I already sent this patch on August, 31. I never got an answer, so here it
is again. 

Lock debugging finds a problem in phy.c and phy_device.c:

[    3.420000] =================================
[    3.420000] [ INFO: inconsistent lock state ]
[    3.420000] 2.6.23-rc3-mm1 #21
[    3.420000] ---------------------------------
[    3.420000] inconsistent {softirq-on-W} -> {in-softirq-W} usage.
[    3.420000] swapper/1 [HC0[0]:SC1[1]:HE1:SE0] takes:
[    3.420000]  (&dev->lock){-+..}, at: [<c017da1c>] phy_timer+0x1c/0x4c8
[    3.420000] {softirq-on-W} state was registered at:
[    3.420000]   [<c006021c>] lock_acquire+0x94/0xac
[    3.420000]   [<c026423c>] _spin_lock+0x40/0x50
[    3.420000]   [<c017e2b4>] phy_probe+0x40/0x88
[    3.420000]   [<c017e60c>] phy_attach+0xc8/0xfc
[    3.420000]   [<c017e6c4>] phy_connect+0x1c/0x58
[    3.420000]   [<c017fc44>] macb_probe+0x4fc/0x5bc
[    3.420000]   [<c0177b44>] platform_drv_probe+0x20/0x24
[    3.420000]   [<c0176210>] driver_probe_device+0xb0/0x1bc
[    3.420000]   [<c01764dc>] __driver_attach+0xe4/0xe8
[    3.420000]   [<c017550c>] bus_for_each_dev+0x54/0x80
[    3.420000]   [<c0176074>] driver_attach+0x20/0x28
[    3.420000]   [<c01758d4>] bus_add_driver+0x84/0x1e0
[    3.420000]   [<c0176708>] driver_register+0x54/0x90
[    3.420000]   [<c0177de0>] platform_driver_register+0x6c/0x88
[    3.420000]   [<c00167ec>] macb_init+0x14/0x1c
[    3.420000]   [<c00087e4>] kernel_init+0x9c/0x2b4
[    3.420000]   [<c0040338>] do_exit+0x0/0x8e8
[    3.420000] irq event stamp: 115025
[    3.420000] hardirqs last  enabled at (115025): [<c0264958>] _spin_unlock_irq+0x30/0x60
[    3.420000] hardirqs last disabled at (115024): [<c02642c8>] _spin_lock_irq+0x28/0x60
[    3.420000] softirqs last  enabled at (114999): [<c0042910>] __do_softirq+0xfc/0x12c
[    3.420000] softirqs last disabled at (115022): [<c0042ee8>] irq_exit+0x68/0x7c
[    3.420000]
[    3.420000] other info that might help us debug this:
[    3.420000] no locks held by swapper/1.
[    3.420000]
[    3.420000] stack backtrace:
[    3.420000] [<c0028af4>] (dump_stack+0x0/0x14) from [<c005d8e4>] (print_usage_bug+0x120/0x150)

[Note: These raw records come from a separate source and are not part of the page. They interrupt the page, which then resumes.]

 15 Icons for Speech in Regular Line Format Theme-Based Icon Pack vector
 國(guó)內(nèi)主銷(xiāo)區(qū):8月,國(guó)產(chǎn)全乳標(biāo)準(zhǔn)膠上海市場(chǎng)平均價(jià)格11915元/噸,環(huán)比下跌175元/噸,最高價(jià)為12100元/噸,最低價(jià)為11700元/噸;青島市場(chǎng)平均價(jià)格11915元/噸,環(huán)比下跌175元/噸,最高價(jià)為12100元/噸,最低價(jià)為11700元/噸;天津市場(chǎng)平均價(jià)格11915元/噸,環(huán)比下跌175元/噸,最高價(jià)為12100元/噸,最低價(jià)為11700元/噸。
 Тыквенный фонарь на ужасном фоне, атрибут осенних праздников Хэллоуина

[    3.420000] [<c005d7c4>] (print_usage_bug+0x0/0x150) from [<c005e5e8>] (mark_lock+0x574/0x6bc)
[    3.420000] [<c005e074>] (mark_lock+0x0/0x6bc) from [<c005f4c0>] (__lock_acquire+0x4d0/0x1198)

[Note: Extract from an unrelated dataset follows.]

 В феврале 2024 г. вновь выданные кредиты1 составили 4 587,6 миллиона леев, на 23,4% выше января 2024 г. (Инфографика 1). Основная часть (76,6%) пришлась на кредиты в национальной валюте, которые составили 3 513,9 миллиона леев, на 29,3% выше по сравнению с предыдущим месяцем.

[    3.420000] [<c005eff0>] (__lock_acquire+0x0/0x1198) from [<c006021c>] (lock_acquire+0x94/0xac)
[    3.420000] [<c0060188>] (lock_acquire+0x0/0xac) from [<c026423c>] (_spin_lock+0x40/0x50)
[    3.420000] [<c02641fc>] (_spin_lock+0x0/0x50) from [<c017da1c>] (phy_timer+0x1c/0x4c8)

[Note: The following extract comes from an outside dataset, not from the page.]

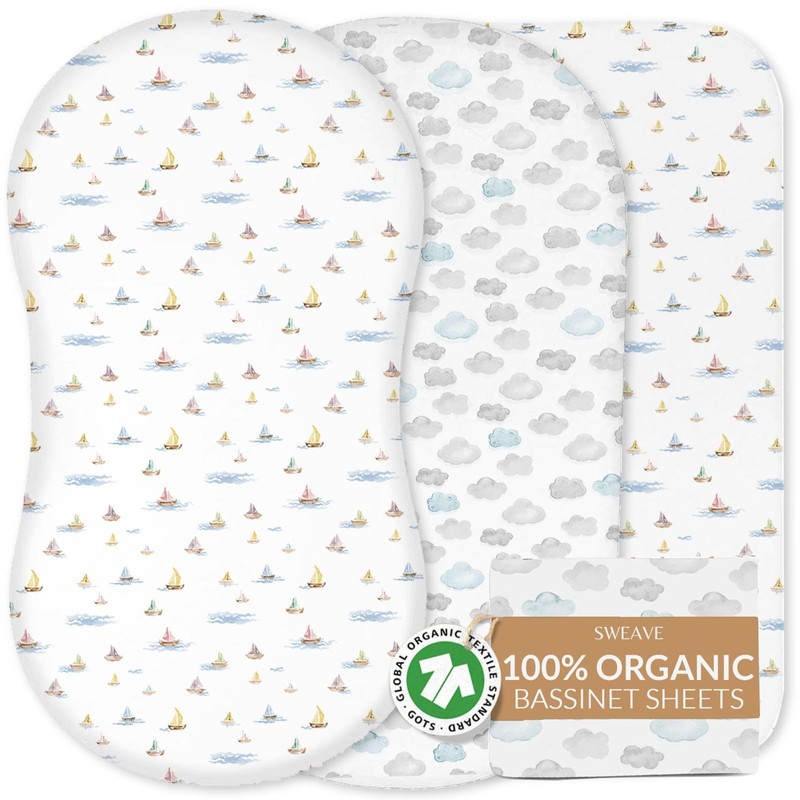 - Pure Organic Comfort: Elevate your baby's sleep with Sweave’s Moses Basket Sheets, expertly crafted from 100% GOTS Certified Organic Cotton. Experience the epitome of comfort and care as your little one rests on our fitted sheets for Moses Basket Mattresses. Our Moses Basket Bedding offers a haven of softness that is exceptionally gentle on your baby's sensitive skin.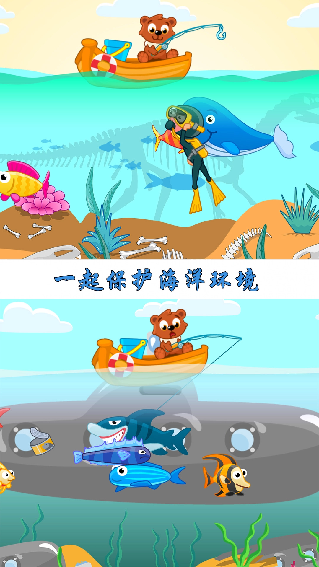 2、拥有丰富多彩的鱼类图鉴,每一种鱼都具备独特的外形与故事,能够激发宝宝们的探索欲望。

[    3.420000]  r5:c098a800 r4:00000104
[    3.420000] [<c017da00>] (phy_timer+0x0/0x4c8) from [<c0046ee4>] (run_timer_softirq+0x1a0/0x218)
[    3.420000]  r7:c081ddd0 r6:c0331e80 r5:c098aa50 r4:00000104
[    3.420000] [<c0046d44>] (run_timer_softirq+0x0/0x218) from [<c00428a8>] (__do_softirq+0x94/0x12c)
[    3.420000] [<c0042814>] (__do_softirq+0x0/0x12c) from [<c0042ee8>] (irq_exit+0x68/0x7c)
[    3.420000] [<c0042e80>] (irq_exit+0x0/0x7c) from [<c0023060>] (__exception_text_start+0x60/0x74)
[    3.420000]  r4:00000001
[    3.420000] [<c0023000>] (__exception_text_start+0x0/0x74) from [<c0023b28>] (__irq_svc+0x48/0x74)
[    3.420000] Exception stack(0xc081de70 to 0xc081deb8)
[    3.420000] de60:                                     c030b2a8 c081a800 60000013 c081c000
[    3.420000] de80: c032db40 c081dee0 c032d758 c081dece 00000012 c030b398 00000034 c081df2c
[    3.420000] dea0: c081deb8 c081deb8 c003d6f0 c003d6f8 60000013 ffffffff
[    3.420000]  r7:00000003 r6:00000001 r5:fefff000 r4:ffffffff
[    3.420000] [<c003d494>] (vprintk+0x0/0x474) from [<c003d930>] (printk+0x28/0x30)
[    3.420000] [<c003d908>] (printk+0x0/0x30) from [<c01d3558>] (sock_register+0x64/0x84)
[    3.420000]  r3:00000001 r2:00000002 r1:00000001 r0:c02e4c88
[    3.420000] [<c01d34f4>] (sock_register+0x0/0x84) from [<c001b7bc>] (af_unix_init+0x40/0x88)
[    3.420000]  r5:00000000 r4:00000000
[    3.420000] [<c001b77c>] (af_unix_init+0x0/0x88) from [<c00087e4>] (kernel_init+0x9c/0x2b4)
[    3.420000]  r4:00000000
[    3.420000] [<c0008748>] (kernel_init+0x0/0x2b4) from [<c0040338>] (do_exit+0x0/0x8e8)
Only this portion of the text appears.